The light that shone through the branches of the tall green trees danced across the window in random patterns, every once in a while, obnoxiously shining in your eyes.
The surrounding was full of deep green trees forming a forest around the road. The only sound was the sound of the cars engine as it traveled down the path. It was peaceful and let off a serene feeling.
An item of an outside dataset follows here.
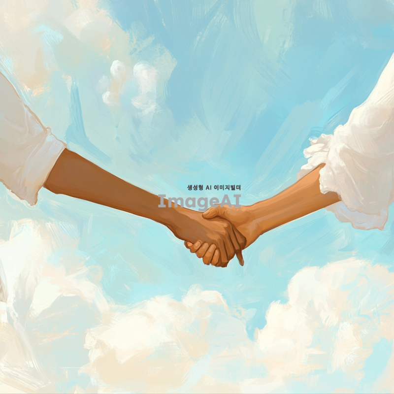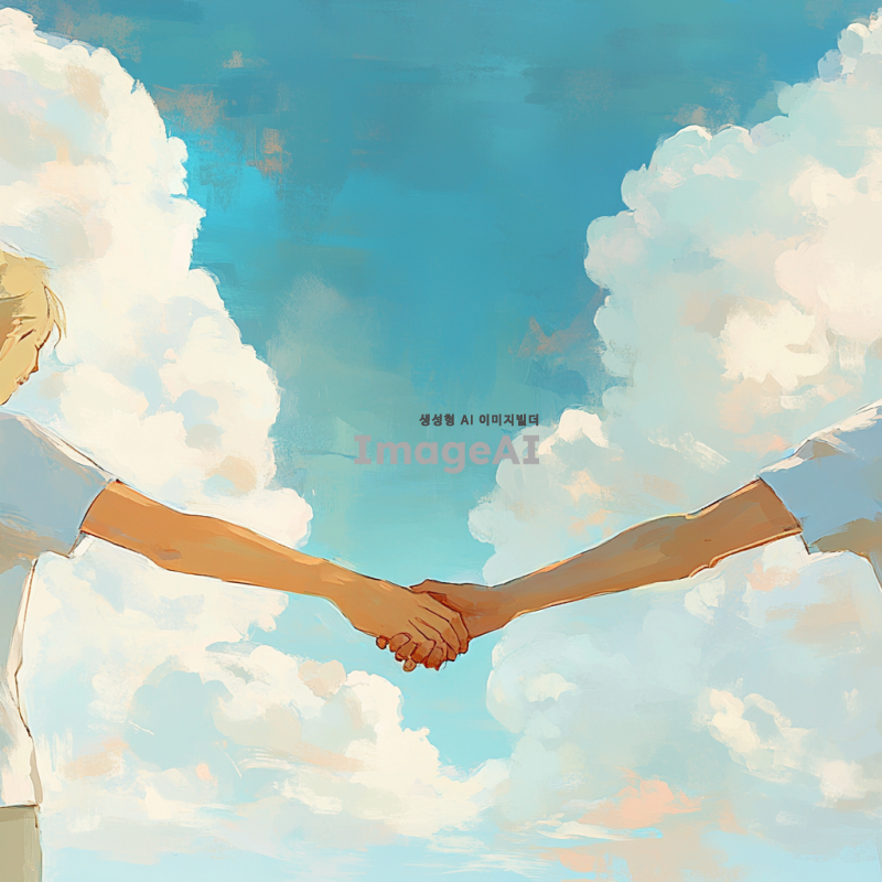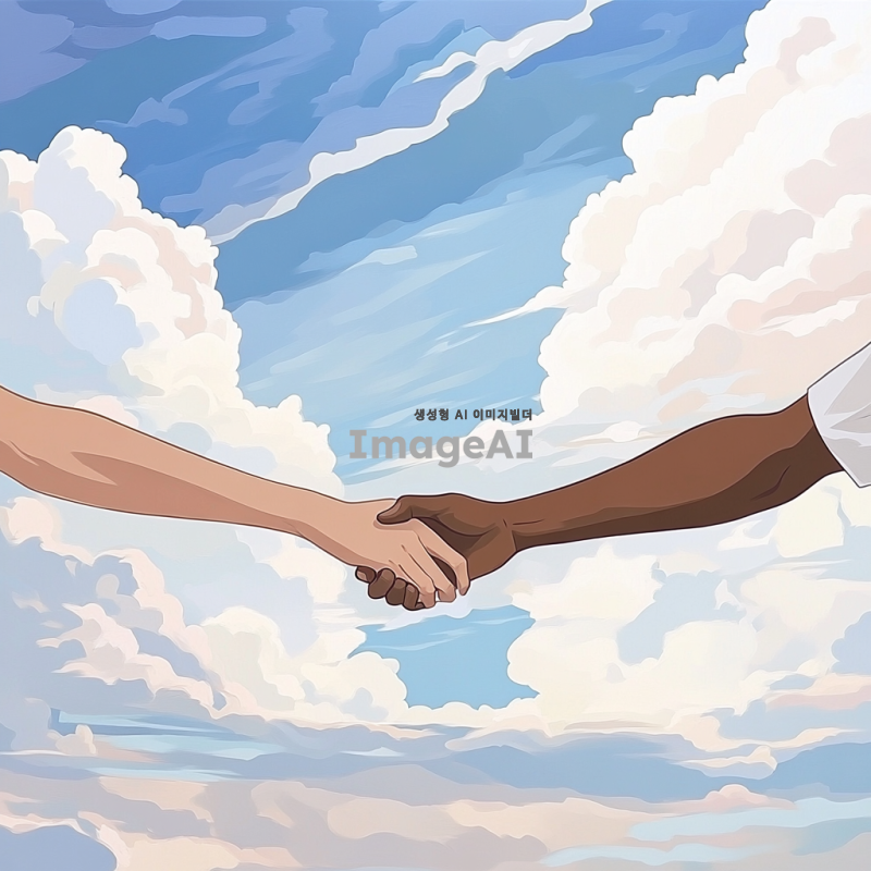 두 사람이 손을 맞잡고 있는 모습, 팔까지만 보이고, 배경에는 푸른 하늘과 흰 구름이 떠 있는 장면, 따뜻한 햇살이 비추는 느낌, 부드러운 색감, 평화롭고 사랑스러운 분위기

Although the ride seemed like a nice one, it lacked every form of 'nice' for both passengers.
The middle-aged woman behind the steering wheel had neat short brown hair that fit her complexion quite well. She wore a green v-neck t-shirt and a pair of blue jeans. Diamond stud earrings decorated each of her ears which partially showed from behind her hair cut. She had deep green eyes which were brought out by her shirt, and the lighting seemed to make them more noticeable. There wasn't much significance to her appearance. She just looked like any 'average mother' that you'd see on TV shows and such, but one thing for sure made her differ from those 'average mothers' and that was the dark bags under her eyes.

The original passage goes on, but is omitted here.